§ **Action item**
Write the listing out again word for word, skipping each picture.

§ **Data provided**
***

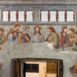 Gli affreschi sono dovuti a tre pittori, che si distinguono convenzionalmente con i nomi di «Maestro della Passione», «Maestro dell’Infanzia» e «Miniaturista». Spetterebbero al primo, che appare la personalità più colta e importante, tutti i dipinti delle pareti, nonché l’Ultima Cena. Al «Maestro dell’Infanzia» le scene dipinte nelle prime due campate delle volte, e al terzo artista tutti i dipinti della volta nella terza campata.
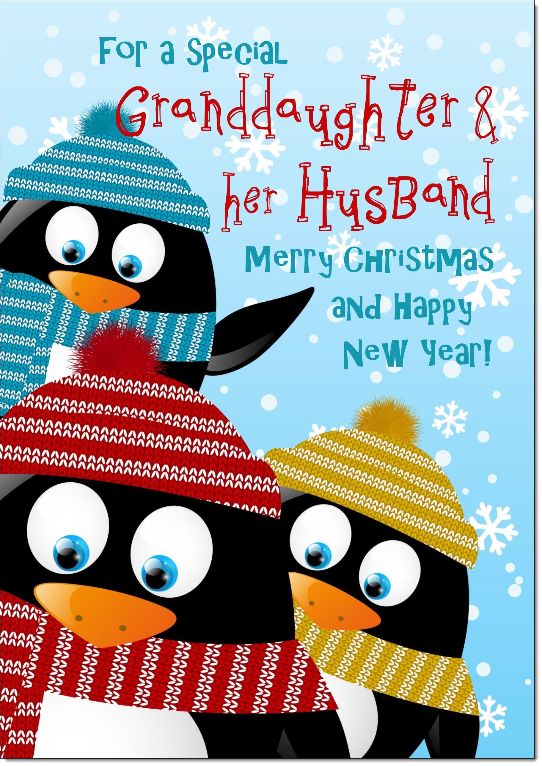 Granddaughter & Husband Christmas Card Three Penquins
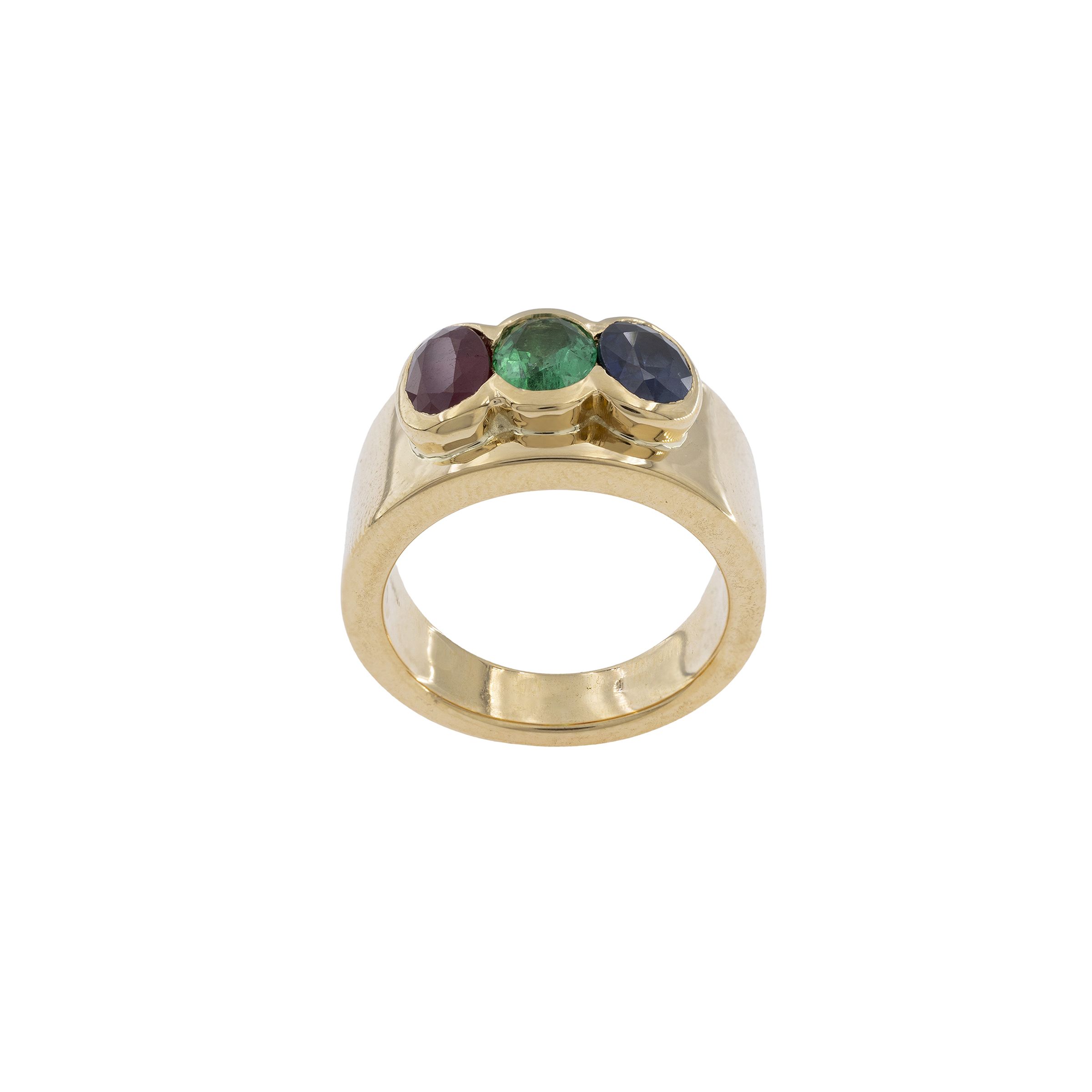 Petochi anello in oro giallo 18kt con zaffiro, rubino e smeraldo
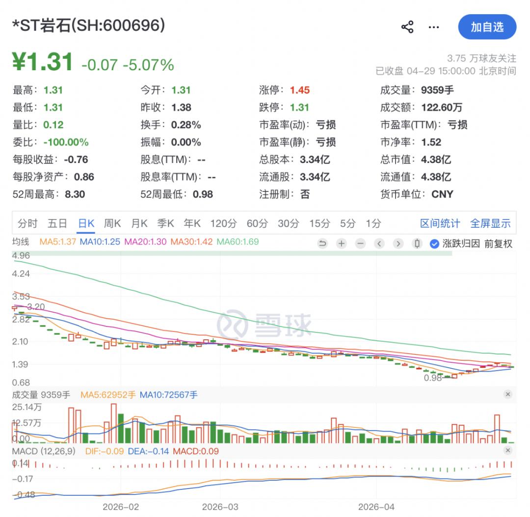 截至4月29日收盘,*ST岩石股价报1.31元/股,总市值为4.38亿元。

***

§ **Answer box**
 Gli affreschi sono dovuti a tre pittori, che si distinguono convenzionalmente con i nomi di «Maestro della Passione», «Maestro dell’Infanzia» e «Miniaturista». Spetterebbero al primo, che appare la personalità più colta e importante, tutti i dipinti delle pareti, nonché l’Ultima Cena. Al «Maestro dell’Infanzia» le scene dipinte nelle prime due campate delle volte, e al terzo artista tutti i dipinti della volta nella terza campata.
 Granddaughter & Husband Christmas Card Three Penquins
 Petochi anello in oro giallo 18kt con zaffiro, rubino e smeraldo
 截至4月29日收盘,*ST岩石股价报1.31元/股,总市值为4.38亿元。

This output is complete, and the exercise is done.